For Jewish Olga and her son Yuri, his lover Zoya, tubby Tanya and her orthodox granny, and Muslim lady of the latrine, Azade, life isn't easy. If not ducking stones lobbed by feral children, they're paying out to Azade's would-be mafia son Vitek, or being buttonholed by her dead husband. His corpse may lie stinking and unburied in the snow but his ghost is irrepressibly alive, dishing out annoying advice.

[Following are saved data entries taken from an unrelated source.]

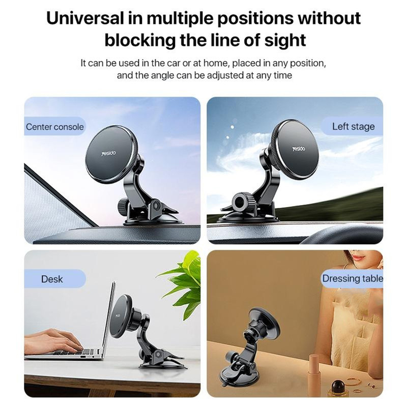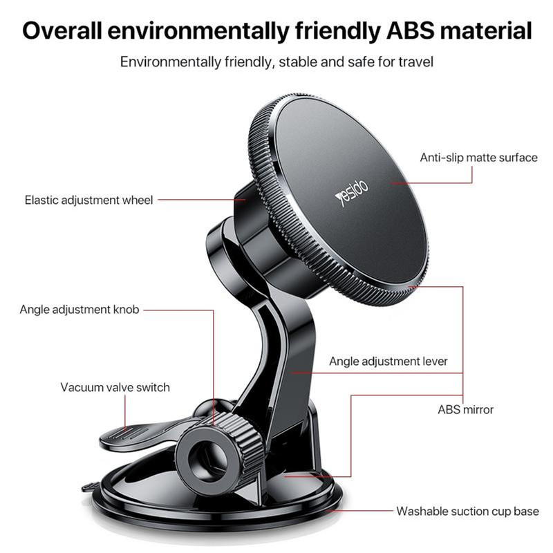 زیر پایه این هولدر، مکنده ای قدرتمندی وجود دارد که به سطح مورد نظر میچسبد و به راحتی از آن جدا نمیشود. به دلیل نوع اتصال این استند کاربران میتوانند از آن برای هر مدل اتومبیل استفاده کنند و آن را روی شیشه یا داشبورد بچسبانند. البته این استند برای انواع سطوح دیگر مانند میز و ... نیز قابل استفاده است. این هولدر، با استفاده از نیروی مغناطیسی (آهن ربایی) گوشی شما را نگه می دارد. همراه محصول برچسب آهن ربایی به شکل گرد وجود دارد که می توانید آن را به پشت گوشی و یا قاب آن چسبانده تا گوشی روی هولدر قرار بگیرد.کاربردیترین ویژگی این پایه نگهدارنده گوشی، قابلیت چرخش 360 درجه آن است و کاربران میتوانند سَری استند را در هر جهتی بچرخانند. به همین دلیل افراد میتوانند استند را در هر زاویهای که بخواهند و متناسب با نیاز خود تنظیم کنند تا بیشترین تسلط را روی صفحه نماش گوشی خود داشته باشند.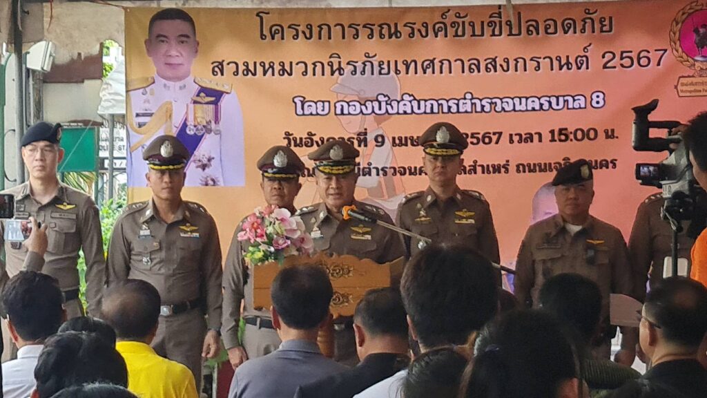 พล.ต.ต.ธวัช กล่าวว่า ปัจจุบันอุบัติเหตุจากจราจรทางบกก่อให้เกิดความสูญเสียในชีวิตและทรัพย์สินของประชาชน โดยเฉพาะอย่างยิ่งอุบัติเหตุจากการขับขี่รถจักรยานยนต์ทำให้มีผู้เสียชีวิตและได้รับบาดเจ็บจำนวนมาก ซึ่งมักจะเกิดขึ้นกับเด็กและเยาวชน สาเหตุส่วนใหญ่เกิดจากพฤติกรรมการขับขี่ของผู้ขับขี่รถจักรยานยนต์ที่มีความประมาท คึกคะนอง ไม่เคารพกฎจราจรและสภาพของรถจักรยานยนต์ที่ไม่ปลอดภัย ดังนั้นกองบัญชาการตำรวจนครบาล จึงได้ริเริ่มโครงการรณรงค์ขับขี่ปลอดภัย สวมหมวกนิรภัย เทศกาลสงกรานต์ 2567 โดยเล็งเห็นว่าโครงการดังกล่าวเป็นโครงการที่ดี ที่จะทำให้ประชาชน นักเรียน และเยาวชนในพื้นที่ ปฏิบัติตามกฎหมายจราจรโดยเคร่งครัด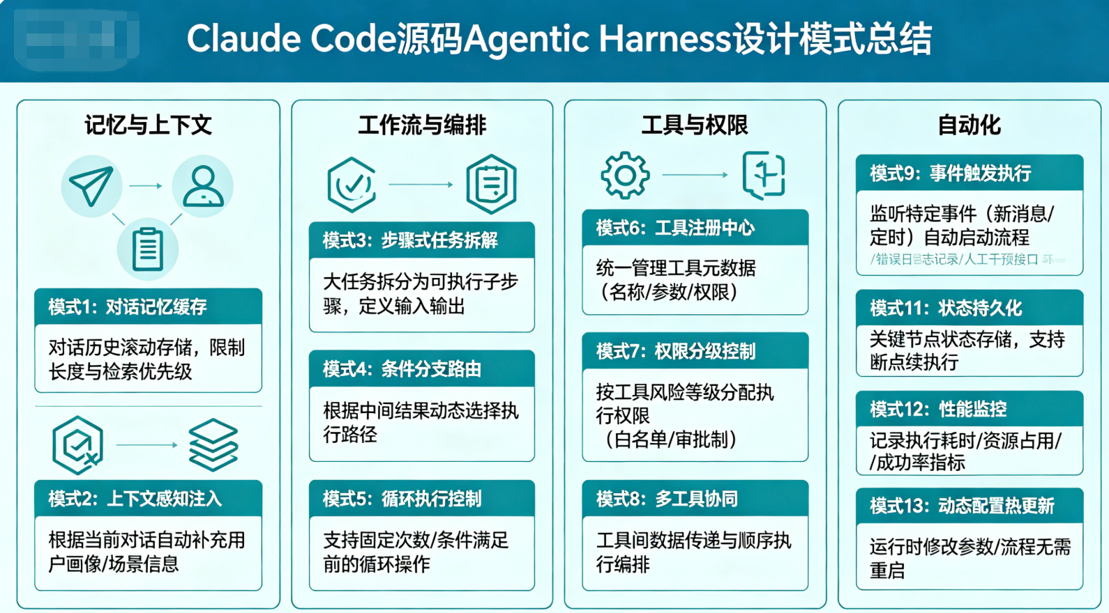 Claude Code源码泄露带来的12个Agentic Harness设计模式,并非孤立存在,而是相互配合、层层递进,共同构成了生产级Agent的底层架构体系。记忆与上下文类模式解决了Agent"记得住、记得清、不浪费"的问题,为Agent的自主执行提供了基础;工作流与编排类模式解决了Agent"有条理、不混乱"的问题,让复杂任务能有序推进;工具与权限类模式解决了Agent"能做事、不闯祸"的问题,控制了操作风险;自动化类模式解决了Agent"少出错、省力气"的问题,提升了执行效率和自主性。

"Americans of Russian Extraction for the Causes of Beautification" are offering money to a partner museum. Tanya's boss at the City Museum puts her on the case. But the museum is stuffed with fakes and the benefactors want to visit the staff's authentic Russian homes – homes as they imagine them, not the haunted toxic slum.

Oschner balances surreal and real with a light touch. Her characters have one foot in the world of fuel shortages and banking scams, the other in myths and folklore. As a translator, Olga renders horrific military bulletins harmless with euphemism but also reports sightings of werewolves in nightgowns. Tanya knocks up icons out of sweet wrappers and hairspray while dreaming of launching herself into a sea of cloud and colour as an Aeroflot hostess. In this Russia, one thing exists in abundance – stories.

Ochsner has a talent for striking images, and she's quirkily funny. Olga wants to clip the Chief Editor's comb-over and knit it "into something she could sell: a foot warmer, a tea cosy, a sweater". The cultural clash between Western "philanthropists" and needy Russians comes as no surprise. But there's resolution of a sort, and plenty of touching moments along the way.